In and of itself, it was just a ring.
On his hand, it meant so much more; a second marriage, a commitment he never thought he'd make again, a heart he hadn't thought to have. Gail's heart in his keeping, his in hers.
Nothing, he thought, was ever just a ring.
4. A rose by any other name would smell as sweet.
It wasn't the sort of thing you could lead up to easily, so he didn't bother.
"I want to adopt Ivy," he said to Gail, sitting beside her a week or so before the wedding. "After we're married."
She looked up sharply at him. "You don't need to do that," she said.
Nathan shook his head. "I don't think I need to do it, I want to." From love, and more... if something happened to Gail, he wanted a claim on Ivy no one could contest. "I feel like her father already, Gail. I just want to make it official."
--
What was she supposed to say to that? Start with the obvious. "I love you," Gail said, and watched his face relax into a smile. "I don't see any reason why you shouldn't adopt her, if it's what you really want."
He reached over and took her hand. "It's what I really want."
"Then she should have your name," Gail said, decisively. "Since I'm not changing mine. We can hyphenate. Ivy Hirschfeld-Kendall."

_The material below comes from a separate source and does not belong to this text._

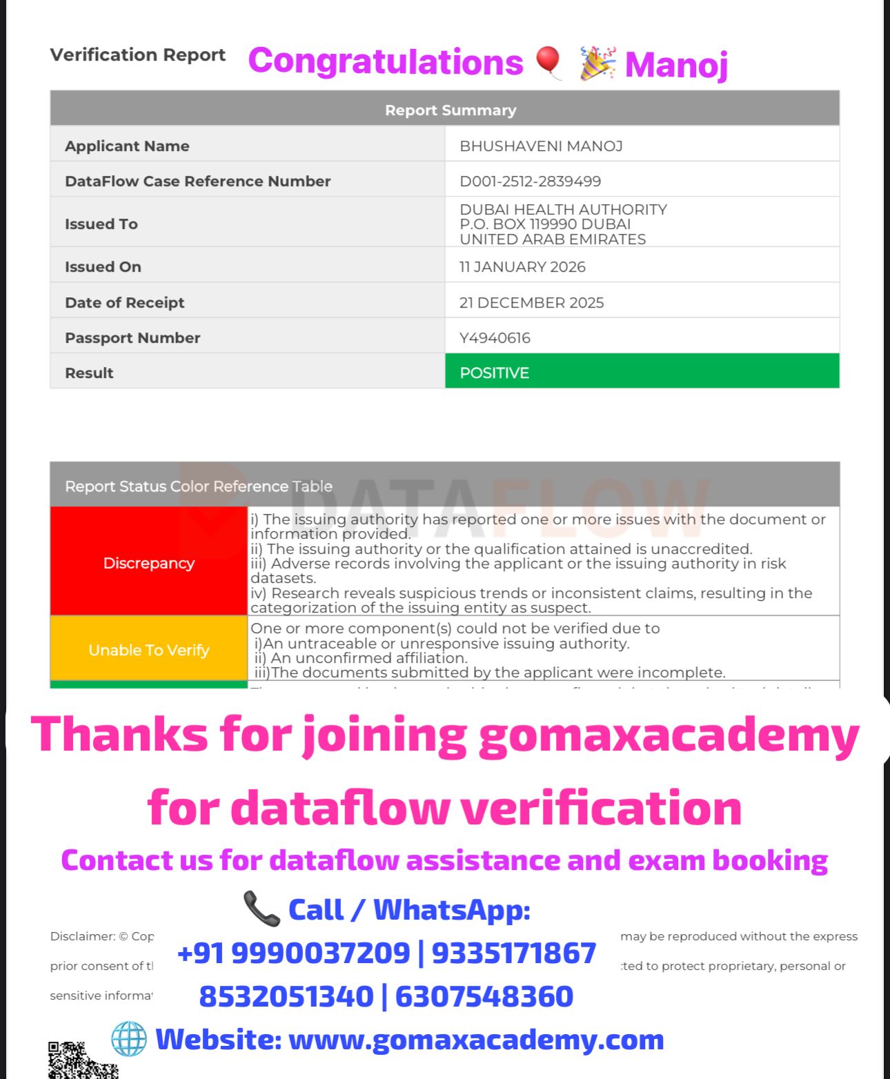 "Your DataFlow Verification has been successfully completed β π Need help with DataFlow assistance or exam booking? π Contact us today!"

"Has a nice ring to it," he said, and kissed her. "Can I tell her?"
She laughed at the boyish eagerness on his face. "Of course," she said.
18. The rose is a flower of love. The world has acclaimed it for centuries. Pink roses are for love hopeful and expectant. White roses are for love dead or forsaken, but the red roses, ah the red roses are for love triumphant.
Gail wasn't much for roses. They seemed overdone to her, lovely, but cliché, overly expensive, and a sign of little imagination. But some things were cliché for a reason, and some clichés still had meaning.
She chose forget-me-nots and violets for the wedding proper, the bridesmaids, pews and centerpieces, because she liked the colors, and because they were relatively inexpensive. She carried them in her bouquet too, because she believed in consistency.
In among the violets and the forget-me-nots, she carried one red rose, and before she tossed the bouquet, she pulled that one out.
She also believed in love.
--
When they shook off the wedding party and the guests, sent Ivy off with her grandparents and Aaron off with his mother, and were finally, blessedly alone, Gail gave him the rose she'd carried in her bouquet.
"What's this for?" he asked, accepting it, and running his fingers over the velvet-soft blossom.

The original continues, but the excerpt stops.